I’m pleased to inform our users and customers that we have released the Cloudera’s Distribution Including Apache Hadoop version 4 (CDH4) 2nd and final beta today. We received great feedback from the community from the first beta and this release incorporates that feedback as well as a number of new enhancements.

CDH4 has a great many enhancements compared to CDH3.

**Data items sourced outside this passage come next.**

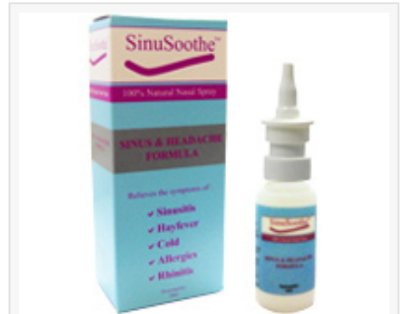
SinuSoothe Natural Nasal Spray

It can be caused by recurring bouts of acute sinusitis combined with a low immune system, the common cold, sinus allergies, nasal polyps or tumors, a deviated nasal septum, trauma to the face, and regular exposure to pollutants such as cigarette smoke. Less commonly it can be caused by medical conditions such as cystic fibrosis, gastroesophageal reflux, HIV and other immune system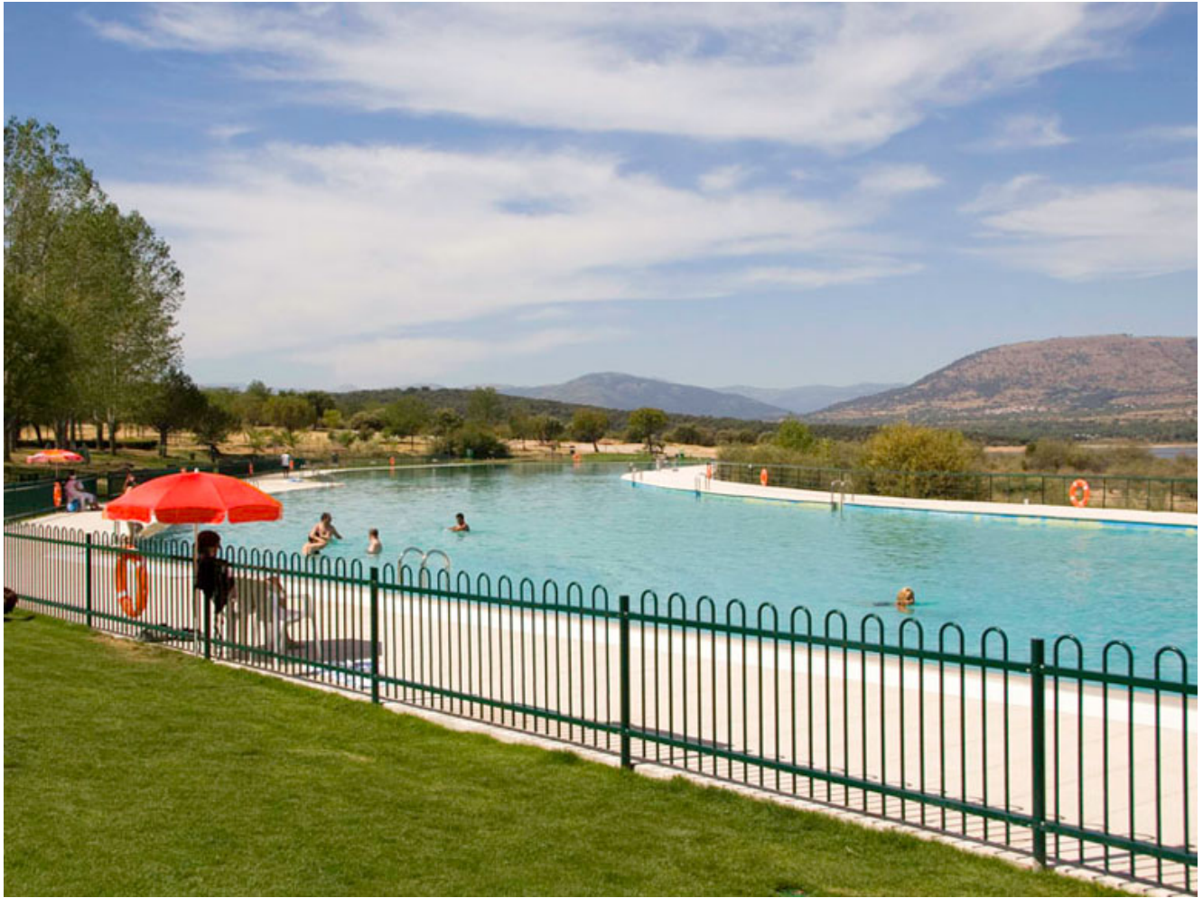
Buíttrago de Lozoya by Canalgestión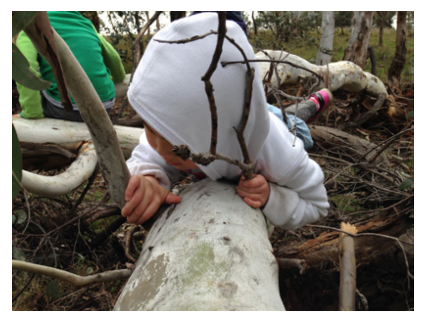
Figure 7. Lying on tummies.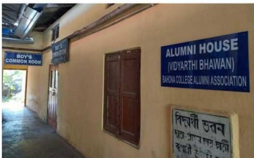
Bidyarthi Bhawan (10)

  • Availability – a high availability namenode, better job isolation, improved hard disk failure handling, and multi-version support
  • Utilization – multiple namespaces and a slot-less resource management model
  • Performance – improvements in HBase, HDFS, MapReduce, Flume and compression performance
  • Usability – broader BI support, expanded API options, a more responsive Hue with broader browser support
  • Extensibility – HBase co-processors enable developers to create new kinds of real-time big data applications, the new MapReduce resource management model enables developers to run new data processing paradigms on the same cluster resources and storage
  • Security – HBase table & column level security and Zookeeper authentication support

Some items of note about this beta:

This is the second (and final) beta for CDH4, and this version has all of the major component changes that we’ve planned to incorporate before the platform goes GA.  The second beta:

  • Incorporates the Apache Flume, Hue, Apache Oozie and Apache Whirr components that did not make the first beta
  • Broadens the platform support back out to our normal release matrix of Red Hat, CentOS, SUSE, Ubuntu and Debian
  • Standardizes our release matrix of supported databases to include MySQL, PostgresSQL and Oracle
  • Includes a number of improvements to existing components like adding auto-failover support to HDFS’s high availability feature and adding multi-homing support to HDFS and MapReduce
  • Incorporates a number of fixes that were identified during the first beta period like removing a HBase performance regression

To recap, some CDH components have undergone substantial revamps and we have transition plans for these. There is a significantly redesigned MapReduce (aka MR2) with a similar API to the old MapReduce but with new daemons, user interface and more. MR2 is part of CDH4, but we also decided it makes sense to ship with the MapReduce from CDH3 (aka MR1) which is widely used, thoroughly debugged and stable. We will support both generations of MapReduce for the life of CDH4, which will allow customers and users to take advantage of all of the new CDH4 features while making the transition to the new MapReduce in a timeframe that makes sense for them. Similarly, Apache Flume in CDH4 is substantially revamped (aka Flume NG).  The new design is simpler, more scaleable, more manageable and more reliable.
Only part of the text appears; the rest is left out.